One of these days or weeks: a visit to Andi Knauss and some random Holger Koch bottles.
 
Thanks for the write up, very evocative.

As to the wines, they are quite unique. They are certainly unusual as far as dry Riesling goes nowadays. There is not a trace of the severity of slate grown dry German riesling, nor of the overt exotic nature of ripeness found in Rheinhessen or Wachau, or of the size of typical Alsacian Rieslings with this much flavour. In fact they are unusual for *any* Riesling I am aware of because the expression of dirt they convey reminds me more of Chardonnay from Jura or Chablis than anything else.

I'm hardly an expert and have limited exposure, but this summarizes my view of Baden rieslings in general. And while I haven't name-checked Jura or Chablis, I have thought of them as Muscadet-ish flavor-wise.
 
originally posted by Rahsaan:

I'm hardly an expert and have limited exposure, but this summarizes my view of Baden rieslings in general. And while I haven't name-checked Jura or Chablis, I have thought of them as Muscadet-ish flavor-wise.

My entire "expertise" on the subject is contained in the post.

We are speaking of the best Baden rieslings here, I am sure. As to what percentage of the lot that constitutes, I've no idea, but that bit may be similar to Muscadet.
 
It's worth comparing the rainfall charts, because that gives you an idea of the 'wet minerality' I've come to associate with Muscadet and Baden wines. I don't think of them as being Jura-like at all.
 
I am glad you liked the wines so much, by far not all of my friends in the states find them as appealing as I do. Often people find them too austere, I guess because they expect something similar to a Mosel Kabinett. Kieselsandstein is usually my favorite, with the perfect mix of crystalline freshness and a bit of umpff. I especially love 08 and 10, based on your report I am excited to try 2012 this week.

But: Since you are talking about what is Heimat for me, please do not call this Baden. Stetten is in the heart of Wuerttemberg (the wines could also not be any more different from the Rieslings of Baden). And to nitpick more, Stetten is not south of Kernen, but is one of the villages composing the hybrid town of Kernen, which was created by bureaucrats in the seventies. Both winery and vineyards are in Kernen-Stetten.
 
originally posted by .sasha:

We are speaking of the best Baden rieslings here, I am sure. As to what percentage of the lot that constitutes, I've no idea, but that bit may be similar to Muscadet.

Did you try any Silvaner from the foothills of the jurassic mountains south of Stuttgart?
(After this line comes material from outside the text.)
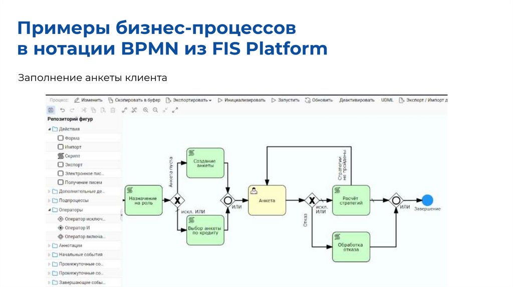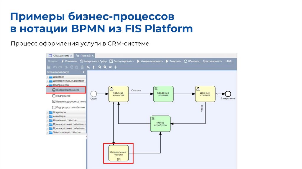 Примеры бизнес-процессовв нотации BPMN из FIS Platform
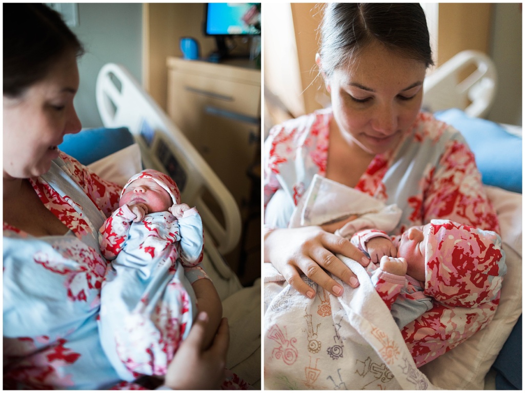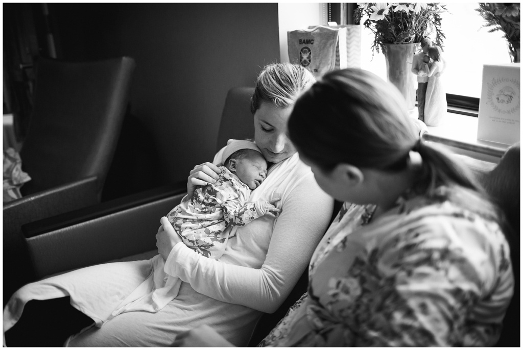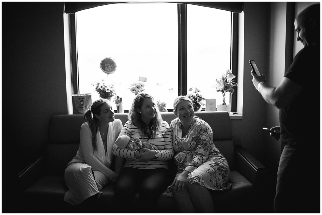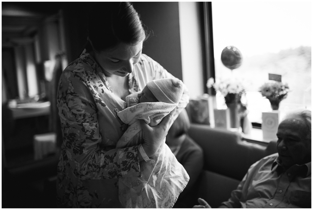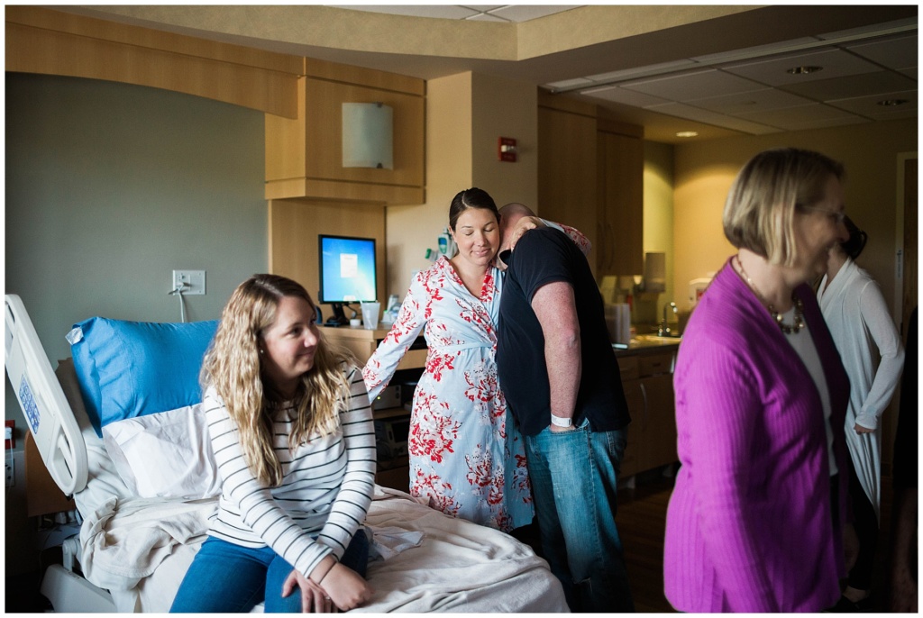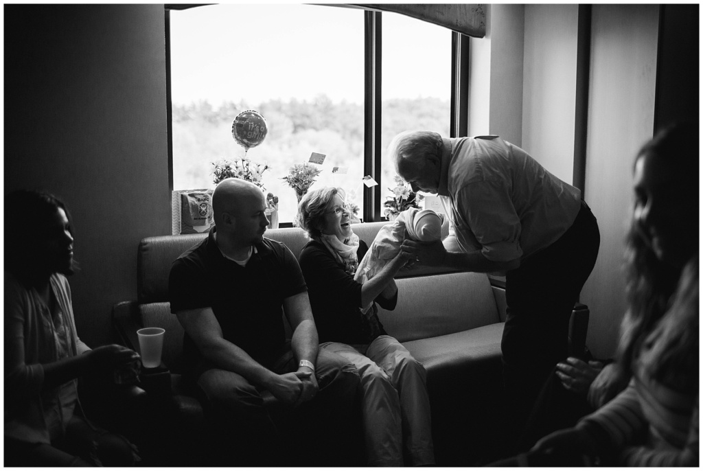 Baby E finally arrived! I scooted down to Portsmouth New Hampshire’s hospital to meet up with Jacob and Julie and meet their sweet new baby girl. When I arrived, Julie’s sisters were already there, as was her grandfather (newly appointed a great grandfather!) and her mom. Everyone took turns snuggling Baby E and she matched her momma perfectly in both looks and style.

They to me are even more reminiscent of a good Muscadet.
 
With all the job openings at WA, I wanted to introduce just enough factual errors to get on their short list.

originally posted by georg lauer:
But: Since you are talking about what is Heimat for me, please do not call this Baden. Stetten is in the heart of Wuerttemberg (the wines could also not be any more different from the Rieslings of Baden).

Indeed. But I did not do that in my original post; I figured the esteemed gentlemen who were kind enough to comment last night knew something about traditionally accepted regional wine references which I did not.

And to nitpick more, Stetten is not south of Kernen, but is one of the villages composing the hybrid town of Kernen, which was created by bureaucrats in the seventies. Both winery and vineyards are in Kernen-Stetten.

Thanks for this. I had realized Stetten was in the Kernen postal code, thus a very clumsy attempt to convey the fact by calling it a "hamlet".
 
originally posted by georg lauer:

Did you try any Silvaner from the foothills of the jurassic mountains south of Stuttgart? They to me are even more reminiscent of a good Muscadet.

is that what's planted right along the roads as you drive into Stuttgart from the south? Quite a sight.